In reply
We thank Ramasubbu for the interest in our article. They raise an important
question related to the mechanism of action of risperidone when used in combination
with serotonin reuptake inhibitors (SRIs) in refractory obsessive-compulsive
disorder (OCD). As they point out, risperidone has greater affinity for serotonin
5-HT2 receptors at lower doses, with an increasing occupancy of
dopamine D2 receptors with dosage escalation. As discussed in our
article,1 risperidone's affinity in vitro
is 20 times higher for 5-HT2A receptors than D2 receptors;
in vivo, it occupies 5-HT2A receptors at a dose 10 times lower
than it does D2 receptors.2 We
previously demonstrated, in our controlled study of haloperidol addition in
refractory patients, that D2 antagonism contributes to an antiobsessional
effect in combination with serotonin reuptake.3
In their letter, Ramasubbu suggests that upward titration of risperidone may
be required to alleviate OCD symptoms, thus emphasizing the importance of
D2 blockade. The letter refers to the study by Saxena et al,4 in which SRI-treated patients with OCD who received
an average daily dose of 2.75 mg of risperidone had a higher response rate
than those who received an average daily dose of 1.25 mg. However, the Saxena
et al study was open-label rather than double-blinded and placebo-controlled.

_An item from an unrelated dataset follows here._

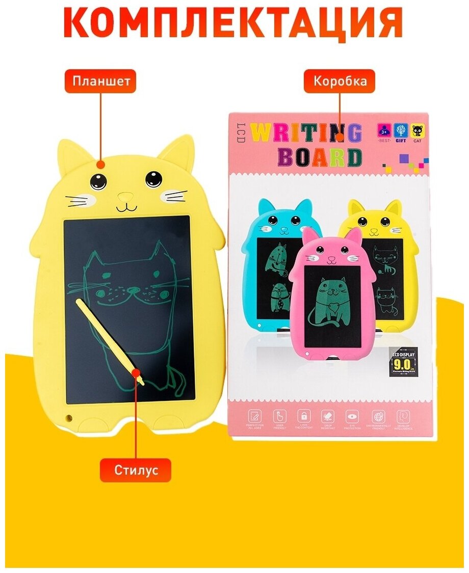 8.5 inch Yellow Cat Interactive Drawing Tablet for Children with Stylus pen

Moreover, a daily dose of 2.75 mg of risperidone remains relatively low. To
our knowledge, there have been no published open-label or controlled studies
of monotherapy, with any typical or atypical antipsychotic drug, that have
shown efficacy in treating OCD as it is currently defined. In our open-label
investigation of clozapine,5 we observed
no change in OCD symptoms in refractory patients. Thus, while D2
antagonism may be important in the treatment of OCD, the available data suggest
this to be so only in combination with an SRI.